Links to Paper and Supplementary Materials
Main Paper (Open Access Version): https://papers.miccai.org/miccai-2024/paper/2247_paper.pdf
SharedIt Link: pending
SpringerLink (DOI): pending
Supplementary Material: https://papers.miccai.org/miccai-2024/supp/2247_supp.pdf
Link to the Code Repository
https://github.com/thesupermanreturns/decoupled
Link to the Dataset(s)
N/A
BibTex
@InProceedings{Das_Decoupled_MICCAI2024,
author = { Das, Ankit and Gautam, Chandan and Cholakkal, Hisham and Agrawal, Pritee and Yang, Feng and Savitha, Ramasamy and Liu, Yong},
title = { { Decoupled Training for Semi-supervised Medical Image Segmentation with Worst-Case-Aware Learning } },
booktitle = {proceedings of Medical Image Computing and Computer Assisted Intervention -- MICCAI 2024},
year = {2024},
publisher = {Springer Nature Switzerland},
volume = {LNCS 15012},
month = {October},
page = {pending}
}
Reviews
Review #1
- Please describe the contribution of the paper
A method is proposed for semi-supervised medical image segmentation. The paper has two main contributions: One, in order to prevent the unreliability of pseudo-labels from deteriorating model performance, the paper proposes to use a shared encoder, but two different decoders - one for labeled and another one for unlabeled images. Two, in order to avoid a so-called worst-case scenario where the model learns only from labeled data while misclassifying unlabeled data, a third decoder is trained adversarially - that is, the decoder seeks to misclassify unlabelled images, while the shared encoder seeks to classify them correctly to match the pseudo labels. Experiments are done on two prostate MRI datasets and one abdominal MRI dataset.

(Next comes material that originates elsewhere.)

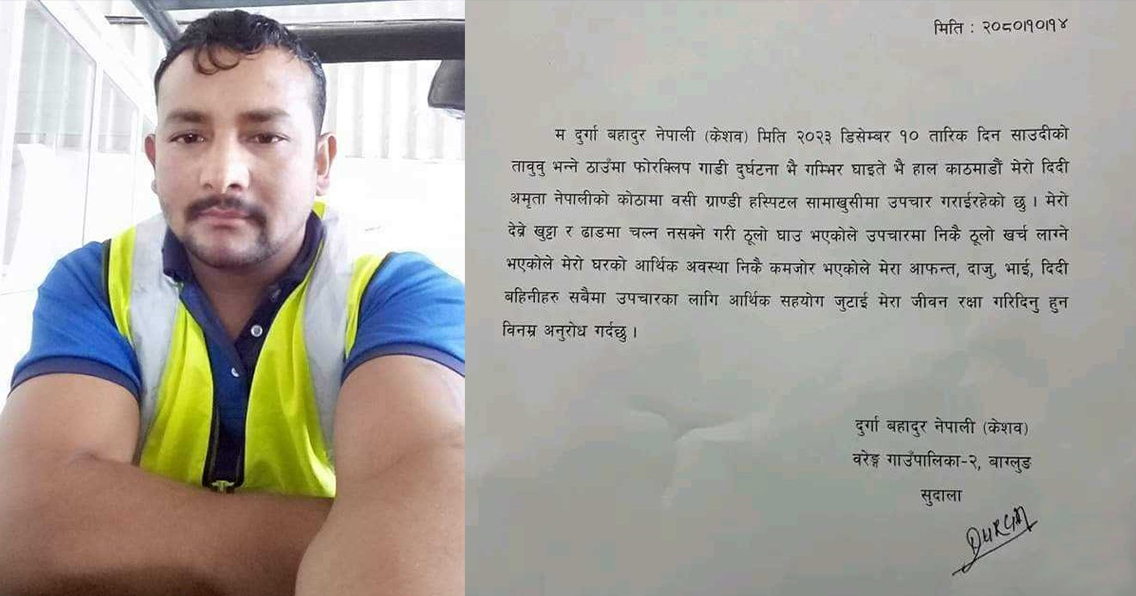 नेपालबाट सकुशल काम गर्न गएका दुर्गा बहादुर नेपालीले हाल डिसेम्बर १०, २०२३ अर्थात् मंसिर २४, २०८० आईतबारका दिन साउदी अरबमा फोरक्लिप गाडी दुर्घटना हुँदा गंभीर रूपमा घाइते हुन गएका थिए । उनको शरिरको देब्रे खुट्टा र ढाडमा चोट लागेको छ, र जसले गर्दा उनी चल्न नसक्ने भएका छन् । उनको काम गर्ने संस्थाले साउदीमा उपचार गर्न सकिँदैन भनेर उनलाई नेपाल पठाएको थियो । नेपालमा अहिले उनको उपचार चली रहेको छ, तर उपचारमा धेरै पैसा खर्च हुने र आर्थिक रूपमा कमजोर भएकोले उनले देश तथा विदेशमा रहनुहुने सम्पूर्ण आमा बुवा, दाजु भाई दिदी बहिनी लगायत सम्पूर्ण नेपालीहरुमा सहयोग गर्न अपील गरेका छन्, साथै विभिन्न संघसंस्था, पत्रकारहरुलाई पनि सहयोगका लागि अपील गरेका छन्। अहिले उनको उपचार काठमाडौंमा स्थित ग्राण्डी अस्पतालमा भइरहेको छ र उनको आफ्नै दिदी गायिका अमृता नेपालीले पनि सबैलाई सहयोगका लागि अपिल गरेकी छन् । साथै सहयोगको देवीनगर निवासी गणेश क्षेत्रीले पनि सबैजनाले अगाडि आएर आफूले सकेको सहयोग गर्न आग्रह गरेका छन ।

- Please list the main strengths of the paper; you should write about a novel formulation, an original way to use data, demonstration of clinical feasibility, a novel application, a particularly strong evaluation, or anything else that is a strong aspect of this work. Please provide details, for instance, if a method is novel, explain what aspect is novel and why this is interesting.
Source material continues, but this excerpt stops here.